(Exercise brief):
Your copy should start at the line with "Kolsuz, fırfırlı detaylara" and end at the line with "El proper 27" in the data below. Transcribe only those lines, exactly, pictures excluded.

(Input):
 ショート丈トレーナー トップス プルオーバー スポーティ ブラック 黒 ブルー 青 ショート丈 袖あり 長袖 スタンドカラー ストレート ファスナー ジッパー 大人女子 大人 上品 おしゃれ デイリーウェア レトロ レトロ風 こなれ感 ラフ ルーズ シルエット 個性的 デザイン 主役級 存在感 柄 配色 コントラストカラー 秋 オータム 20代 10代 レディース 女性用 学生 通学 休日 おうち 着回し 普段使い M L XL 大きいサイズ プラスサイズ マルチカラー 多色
* * *
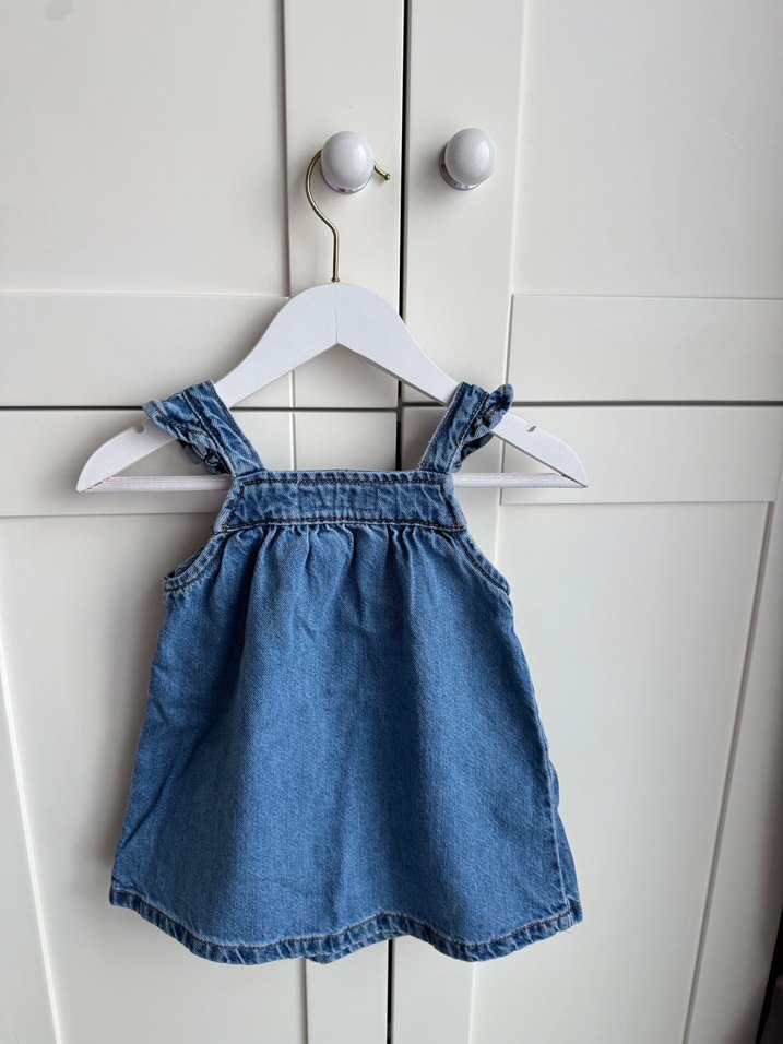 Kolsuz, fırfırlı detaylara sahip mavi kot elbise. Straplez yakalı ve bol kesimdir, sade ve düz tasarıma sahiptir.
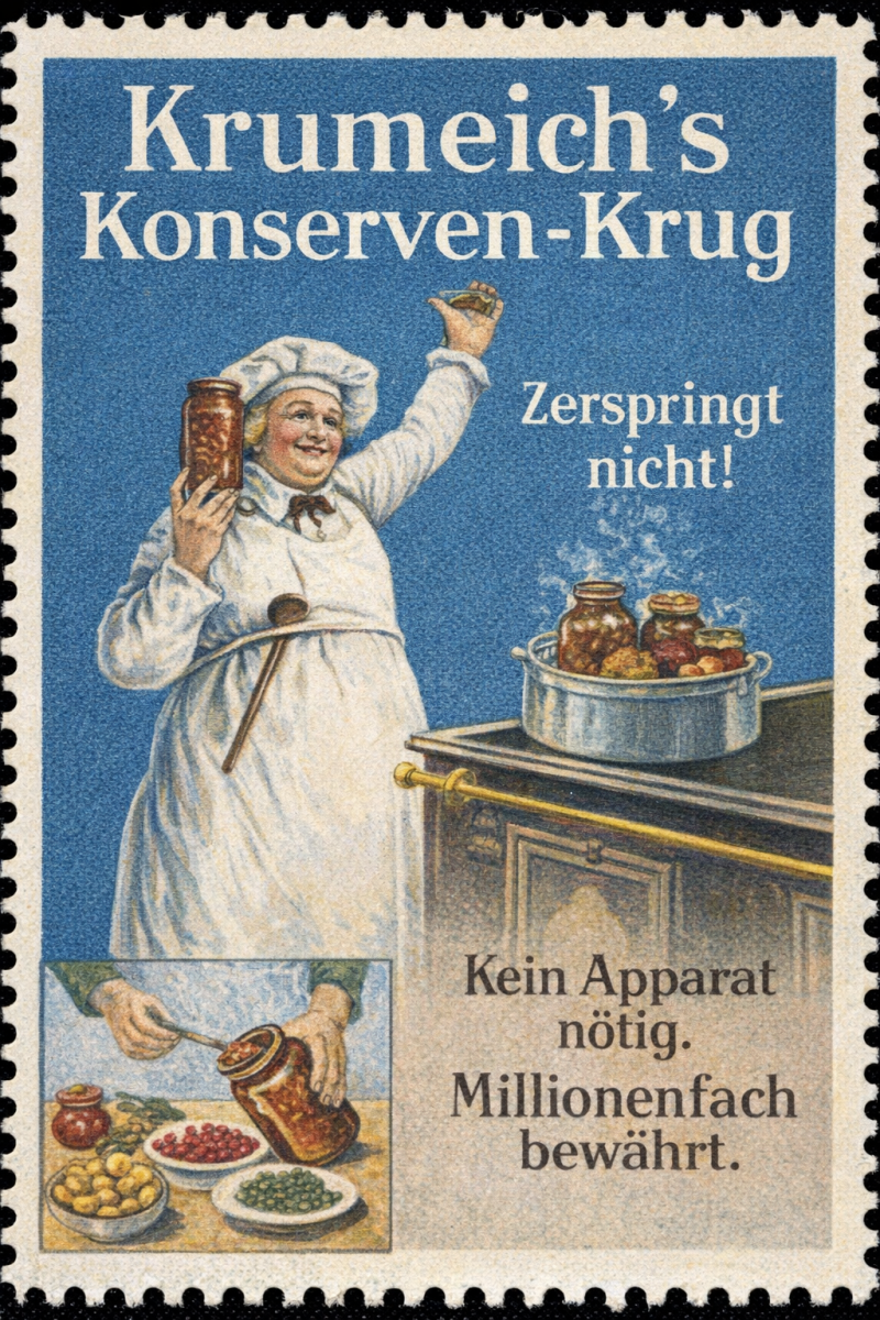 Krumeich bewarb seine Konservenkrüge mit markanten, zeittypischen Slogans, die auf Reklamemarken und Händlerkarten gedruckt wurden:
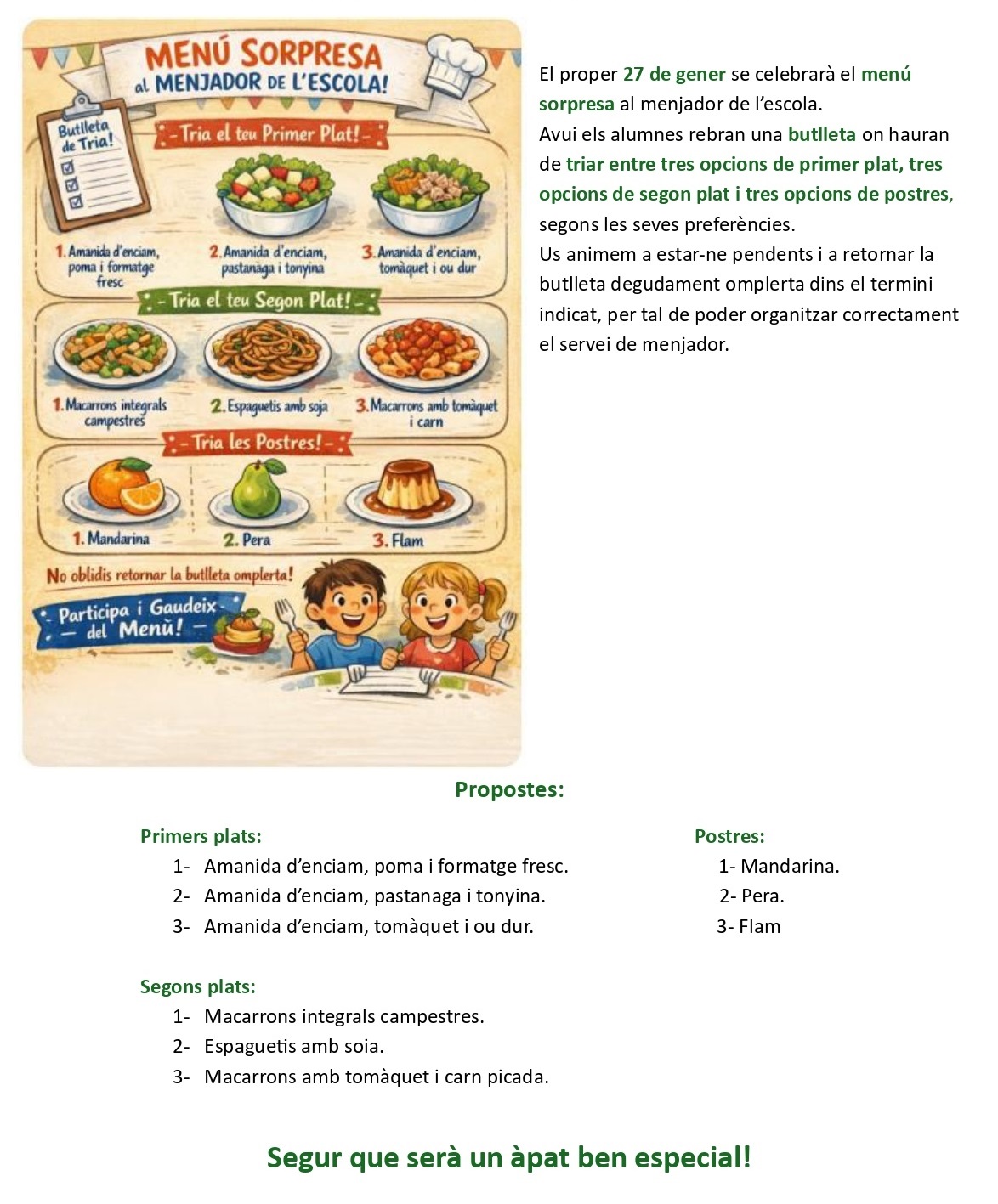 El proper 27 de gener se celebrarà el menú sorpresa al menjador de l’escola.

(Response for this exercise):
 Kolsuz, fırfırlı detaylara sahip mavi kot elbise. Straplez yakalı ve bol kesimdir, sade ve düz tasarıma sahiptir.
 Krumeich bewarb seine Konservenkrüge mit markanten, zeittypischen Slogans, die auf Reklamemarken und Händlerkarten gedruckt wurden:
 El proper 27 de gener se celebrarà el menú sorpresa al menjador de l’escola.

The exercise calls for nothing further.